# Jet Vortex



## rattletrap (Dec 17, 2012)

Anyone have any thoughts/experience with the Jet Vortex collectors? Anyone satisfied?


----------



## toolguy1000 (Oct 4, 2012)

it's a great way to waste a really nice amount of money on a 1.5hp DC. at $700 (amazon with a 2 micron canister filter), it, like all tools from walter meier, isn't worth what it cost. i added a "cone' to my delta 50-850 using a discarded frying pan as the "vortex cone", and the improvement in the collector's performance was dramatic:

http://lumberjocks.com/topics/40189

i'd CL my search and then add the cone yourself or create a thien baffle in place of the vortex. costs less and works better.


----------



## Dave Paine (May 30, 2012)

rattletrap said:


> Anyone have any thoughts/experience with the Jet Vortex collectors? Anyone satisfied?


I have a 1 1/2HP Jet cannister dust collector and hated cleaning the cannister.

I saw the Vortex articles and decided to make a cone.

I ended up with a Thien baffle, which I feel is working very well. Only a few weeks since the install.

I posted a thread. In the end I was surprised how easy the baffle was to make and install.

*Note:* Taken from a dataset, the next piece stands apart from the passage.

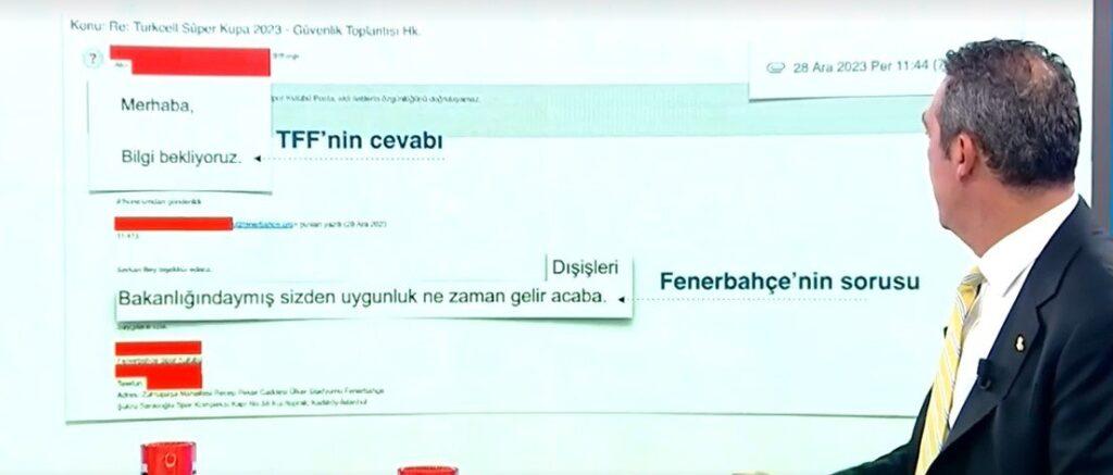 29 Kasım 2023: TFF, Fatih Altaylı’nın yazısını şu açıklamayla yalanladı: “Süper Kupa maçının Suudi Arabistan’da oynanması fikrinin Ali Koç’a ait olduğu iddiasının gerçekle uzaktan yakından ilgisi yoktur.”

http://www.woodworkingtalk.com/f32/making-dust-collector-cone-separator-44695/


----------



## rattletrap (Dec 17, 2012)

Thanks for your input Toolguy. I haven't even bought a dust collector of any sort yet, still thinking about what kind I want that suits my needs and budget. I love Phil for creating his baffle, helps a lot of woodworkers. My question is If i build a preseperator using a Thein baffle and a trash can and then discharge into a DC such as yours, then the bottom collector bag and top canister filter basically work in tandum. Meaning what ever "heavies" escape the preseperator and enters to DC, will there be a secondary seperation in the DC. I assume not. I assume the DC's top and bottom just act as one and there is no more separation. If this is the case then there is wasted space in your shop and installing the baffle in the DC itself works to your advantage. I think there is a question in there somewhere.

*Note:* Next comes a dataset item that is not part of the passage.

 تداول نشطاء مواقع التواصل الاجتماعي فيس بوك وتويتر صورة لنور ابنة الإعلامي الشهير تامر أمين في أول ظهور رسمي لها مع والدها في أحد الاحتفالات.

Mr. Paine, I am impressed with your Thein baffle installation in the DC unit. Just how difficult is it to remove the bottom bag due to retaining ring issue. Since I don't have a DC yet I am not sure how the retaining ring fits and how the baffle will interfere with it.

Jim


----------



## Dave Paine (May 30, 2012)

rattletrap said:


> Thanks for your input Toolguy. I haven't even bought a dust collector of any sort yet, still thinking about what kind I want that suits my needs and budget. I love Phil for creating his baffle, helps a lot of woodworkers. My question is If i build a preseperator using a Thein baffle and a trash can and then discharge into a DC such as yours, then the bottom collector bag and top canister filter basically work in tandum. Meaning what ever "heavies" escape the preseperator and enters to DC, will there be a secondary seperation in the DC. I assume not. I assume the DC's top and bottom just act as one and there is no more separation. If this is the case then there is wasted space in your shop and installing the baffle in the DC itself works to your advantage. I think there is a question in there somewhere.
> 
> Mr. Paine, I am impressed with your Thein baffle installation in the DC unit. Just how difficult is it to remove the bottom bag due to retaining ring issue. Since I don't have a DC yet I am not sure how the retaining ring fits and how the baffle will interfere with it.
> 
> Jim


On my Jet model, the lower bag is held by a special large flexible band which fits inside the steel collar in the groove. In my thread someone noticed I installed the baffle to be just above the groove so I did not get interference with the band holding the bag.

You can see the groove in my post #11 in my thread. Post #13 discusses the groove.

The benefit of the Thien baffle over the Jet Vortex seems to be the lack of air movement in the lower bag. Before I installed the baffle, the contents of the lower bag would swirl around and a lot would end up in the upper cannister.

Using a pre-separator with a Thien baffle will work to remove most of the debris, but then whatever fines are left will collect in the cannister as well as the bag. There will be fewer fines. I just do not know what this will mean to frequency of cleaning the cannister.

Pre-separators are popular, but they do have a pressure drop, so there will be some impact on overall airflow/suction.

With my baffle being on the discharge (positive pressure) side of the blower, I feel any such impact is minimized if any impact.

Edit forgot to answer about bag removal.

Removing the lower plastic bag is the same with the baffle. I have to get hold of the plastic and slide my nails of some thin piece of metal under the flexible bag to force the band away from the collar. Once this is done the band and bag are easily removed.

Since this is done from the bottom of the collar, the Thien baffle does not interfere.


----------



## 65BAJA (May 27, 2012)

Dave, I'm trying to visualize your set up. Could your post a pic or a link to one?


----------



## Dave Paine (May 30, 2012)

65BAJA said:


> Dave, I'm trying to visualize your set up. Could your post a pic or a link to one?


My thread was linked in an earlier post.

http://www.woodworkingtalk.com/f32/m...parator-44695/

This is perhaps the best picture to illustrate the installation.

The baffle, 1/4in plywood, so I glued 3 pieces of 1/2in plywood scraps on top for the screws.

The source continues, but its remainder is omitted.